I have to emit LLVM IR from StandardML, which has no LLVM bindings, so I am generating textual IR representation. I now have to translate a union type. The union type feature seems to have some history in LLVM, but, currently, no union is supported. The proposed workaround is to define a type of the correct size, and use type-casts. OK, if I only could define a type of correct size in a platform independent way. It seems that the only thing I can write for n in, e.g., [ n x i8 ], is a literal integer. Constant expressions (using the gep-trick to get the size) do not work.

This results in two questions:

  1. am I overlooking something, and is there a way to generate platform independent IR for union types?

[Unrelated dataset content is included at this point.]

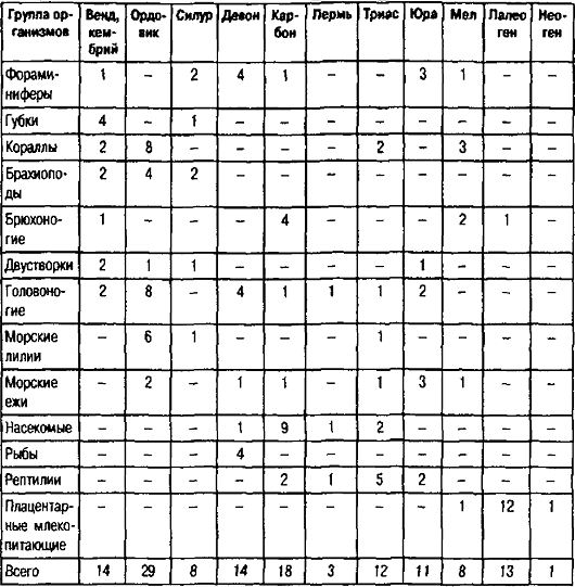 Красилов (1987) справедливо считает, что планетарные экосистемные события распознаются с большей объективностью по смене или вымиранию доминирующих видов в наиболее обширных сообществах. В приводимой им табл. 5 указаны геохронологические рубежи, выделенные по этому показателю и признаваемые большинством исследователей наиболее резкими.
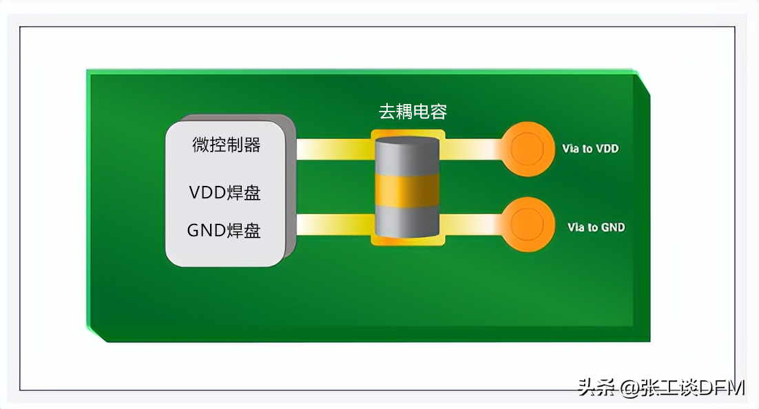 當 IC 工作時,由于其內部結構,它們會以高頻進行切換。這種情況會在 IC 連接軌道中產生開關噪聲。如果不控制這種噪聲,它將導致發射,從而導致 EMI 。通過在 IC 附近放置一個去耦電容,可以減少 PCB 上開關噪聲的傳播并將噪聲引導至地面。

  2. if not, can I somehow avoid re-implementation of the sizeof computation in StandardML, as it introduces redundancies and potential for subtle errors.


Peter

LLVM IR is inherently platform-dependent. Type sizes depend among other things on the DataLayout.

This is probably not what you want to hear, but frankly the only clean solution to what you want seems to be adding LLVM bindings. Perhaps it’s not too bad if you start with the C bindings?

Thanks for your answer.

There seems to be a quite large set of LLVM that can be done platform-independently, and other things are almost platform independent, without any obvious (to me) reasons why the straightforward and small gap is not bridged. The union type seems to be one of them. Not knowing exactly when LLVM compilation transitions from platform independent to platform dependent, but exposing some platform specific information to the LLVM IR should not be difficult (given that, currently, this information is already known by the compiler).

For example, a %t = type [max(sizeof(%variant1, …, %variantN)) x i8] seems to be all that is required to implement unions in a platform independent way. And, given that I can easily declare this using the C bindings, I don’t see any good reason that prevents one from exposing this to the bytecode.

Btw, is there a list of ‘platform specific’ aspects of LLVM IR. Those aspects in the scope of LLVM IR would be enough, e.g., sizeof would be on the list, but different standard libraries wouldn’t.

From a design perspective, coming up with own bindings for a programming language (like SML) is a very maintenance intensive task, which I do not have the resources for. E.g., there is some port to SML, but it’s unmaintained for 8 years now(GitHub - melsman/sml-llvm: Standard ML Bindings for LLVM). On the other hand, the (textual) LLVM-IR format seems to be a quite stable target, in particular when considering the fragment needed for compiler front ends. This makes LLVM IR appealing also for smaller (research) projects, that cannot always use mainstream implementation languages, and have very limited resources for maintenance tasks.

Before I encountered the problem with unions, I only needed one platform specific aspect to consider: The integer type size_t, that can take the difference of two pointers.


Peter

There seems to be a quite large set of LLVM that can be done platform-independently, and other things are almost platform independent, without any obvious (to me) reasons why the straightforward and small gap is not bridged. The union type seems to be one of them. Not knowing exactly when LLVM compilation transitions from platform independent to platform dependent, but exposing some platform specific information to the LLVM IR should not be difficult (given that, currently, this information is already known by the compiler).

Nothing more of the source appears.